▶ _WHAT YOU WILL DO_: Return nothing but the lines from the one containing "Paveikslas graviūra antikvarinė" through the end of the records below, exactly as they stand and without pictures.

▶ _SOURCE INFORMATION_:
───
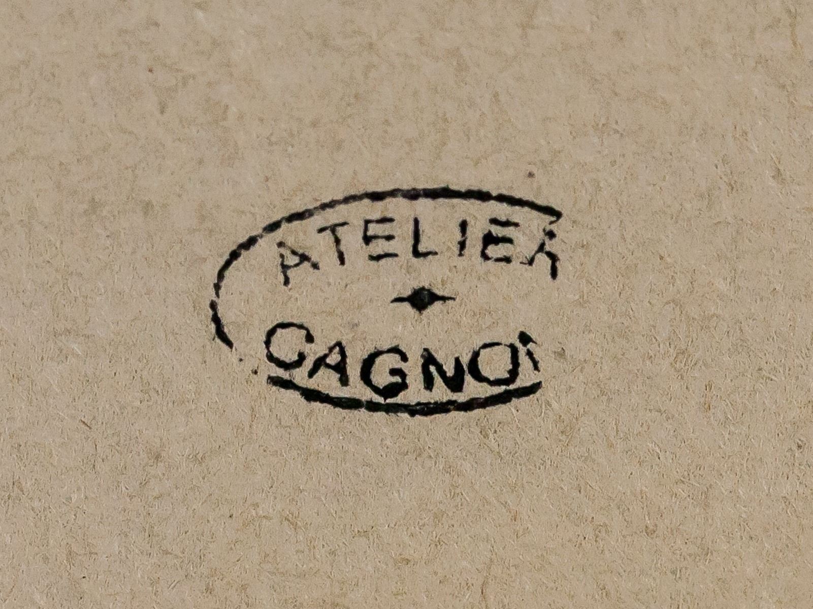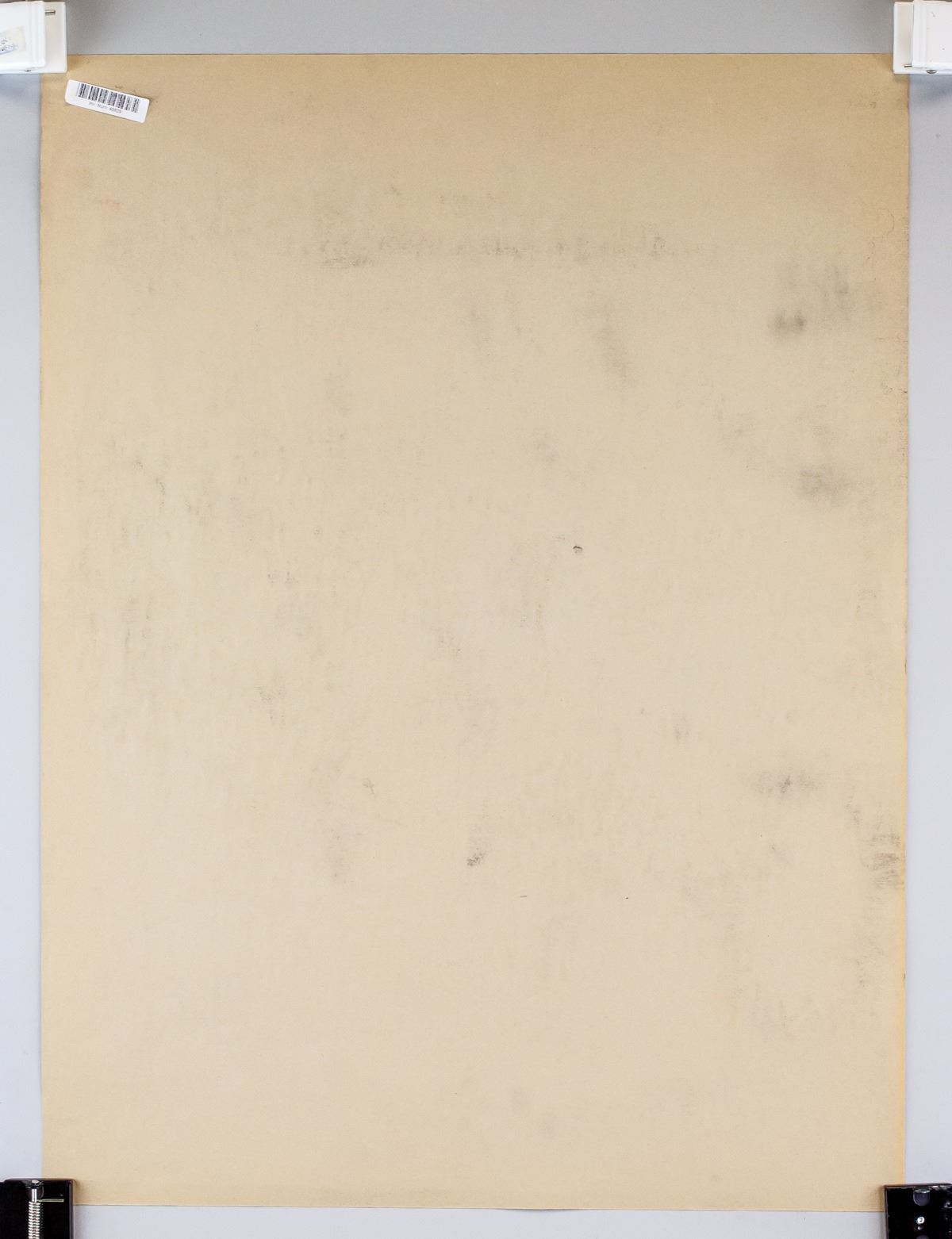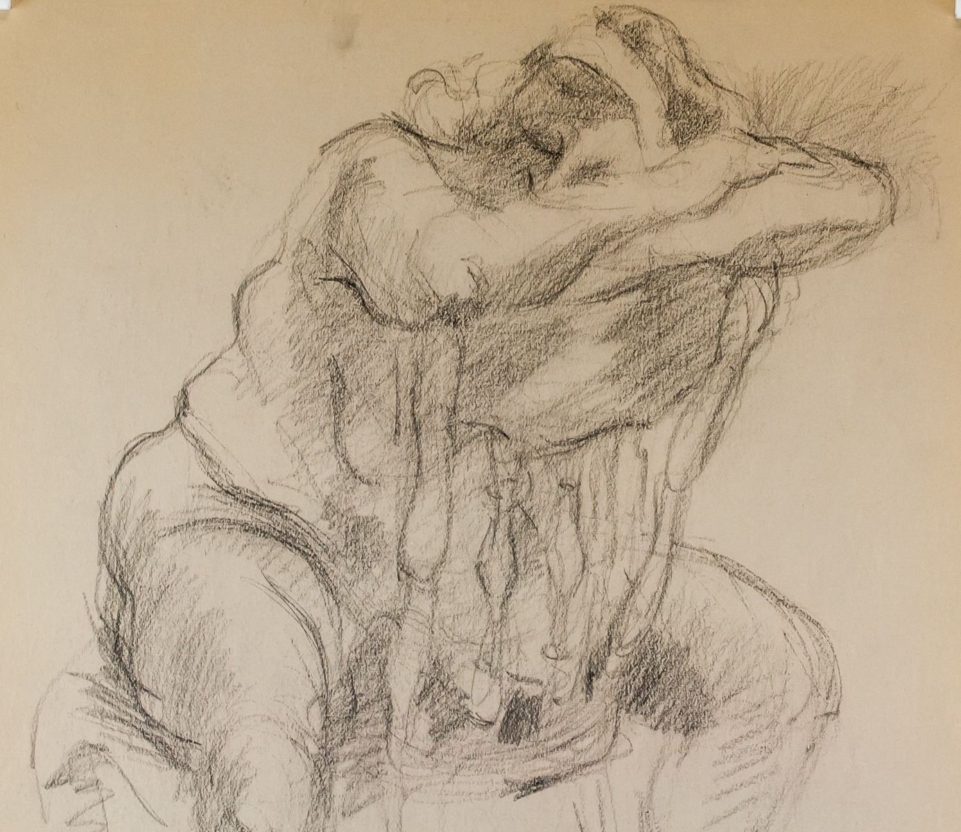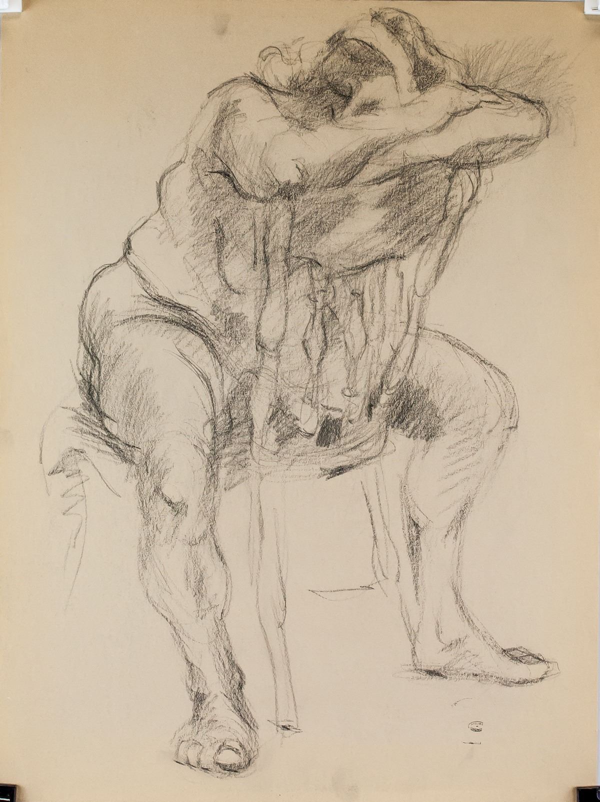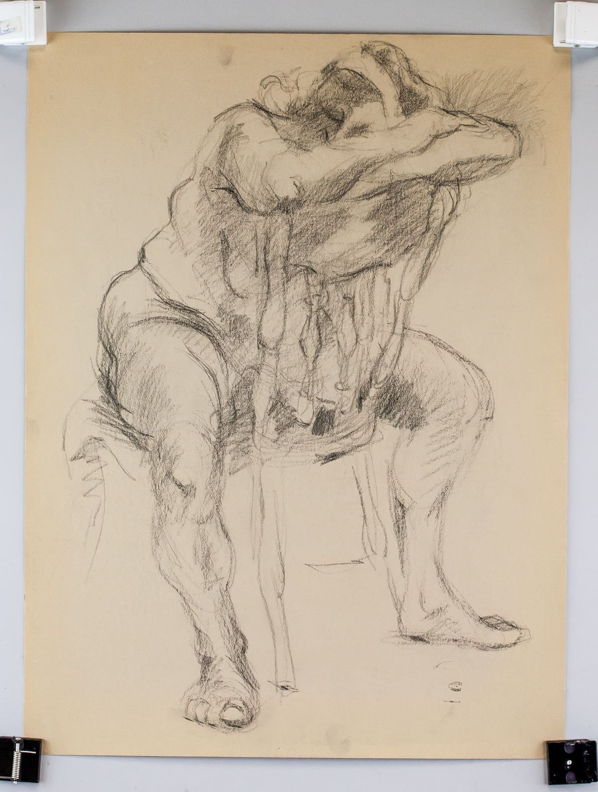 Charcoal on paper, unframed. Featuring a nude woman sitting in a chair backward while resting her head against her arms. Stamped with "Atelier Gagnon" near bottom right. Attributed to Clarence Gagnon (1881-1942, French-Canadian). 61 x 46 cm (24 x 18.1 in)
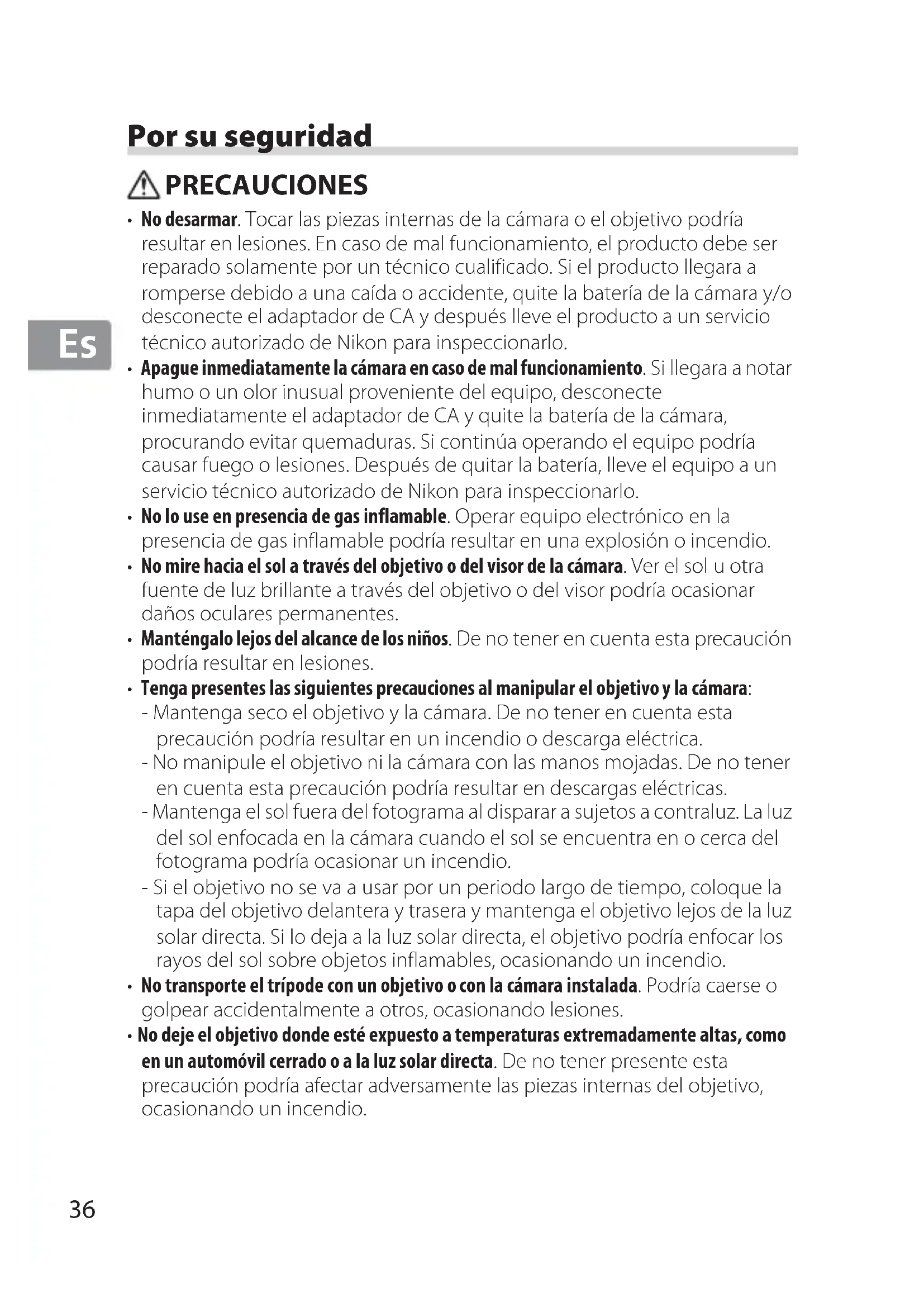- No desarmar. Tocar las piezas internas de la cámara o el objetivo podría resultar en lesiones. En caso de mal funcionamiento, el producto debe ser reparado solamente por un técnico cualificado. Si el producto llegara a romperse debido a una caída o accidente, quite la batería de la cámara y/o desconecte el adaptador de CA y después lleve el producto a un servicio técnico autorizado de Nikon para inspeccionarlo.
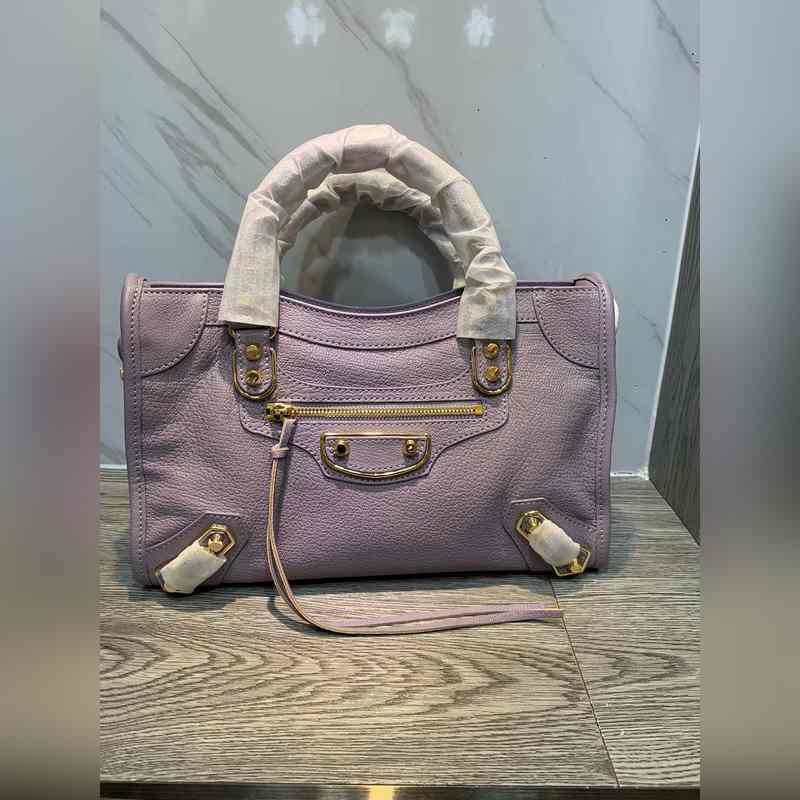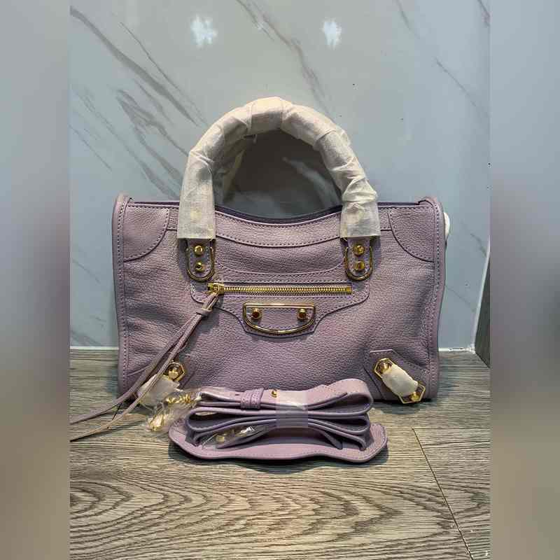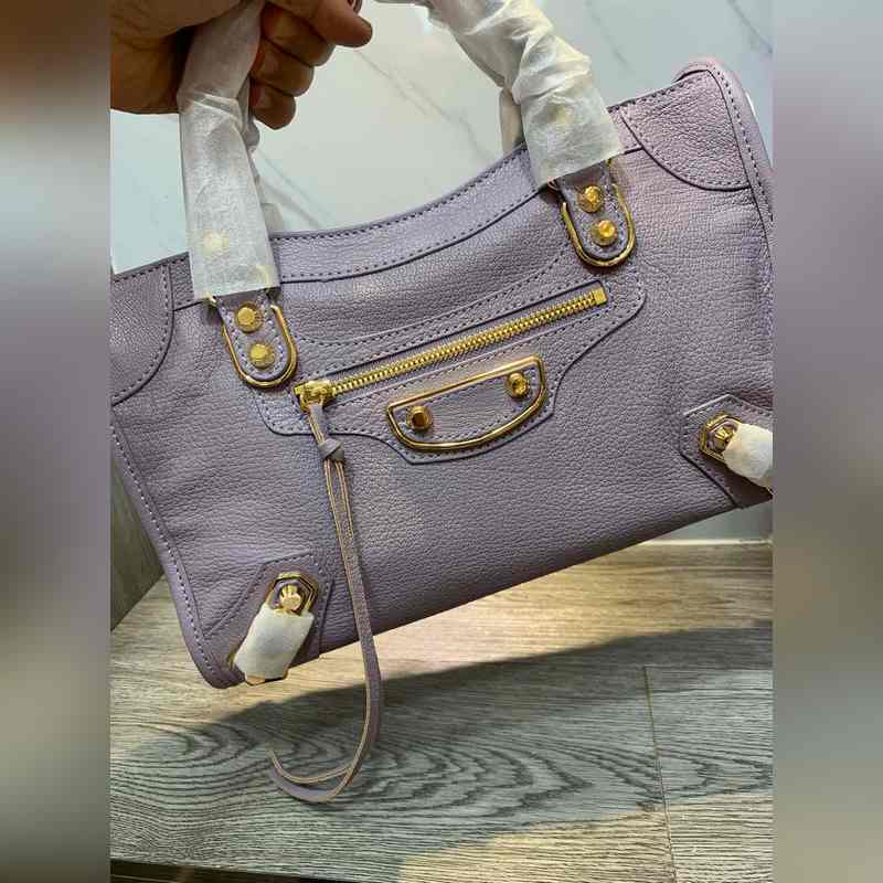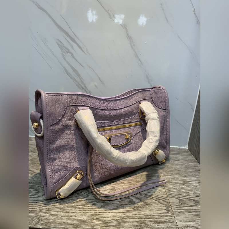 발렌시아가 염소 가죽 오토바이 가방 보라색 중형 30cm 크기 30.2
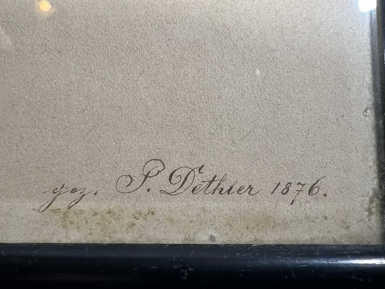 Paveikslas graviūra antikvarinė Jaunos moters portretas. P. Dethier. Pieštukas, popierius, signatūra P. Dethier, 1876 m. Dydis: 21 x 29 cm. Kaina 63
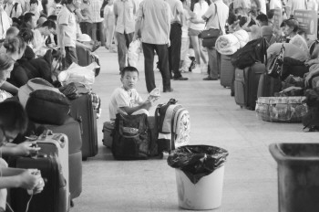 26日,在德州火车站候车室,不少小学生在和家人一起过完暑假后,又踏上了回去上学的列车。
───
▶ _SOLUTION TO THE PROBLEM_:
 Paveikslas graviūra antikvarinė Jaunos moters portretas. P. Dethier. Pieštukas, popierius, signatūra P. Dethier, 1876 m. Dydis: 21 x 29 cm. Kaina 63
 26日,在德州火车站候车室,不少小学生在和家人一起过完暑假后,又踏上了回去上学的列车。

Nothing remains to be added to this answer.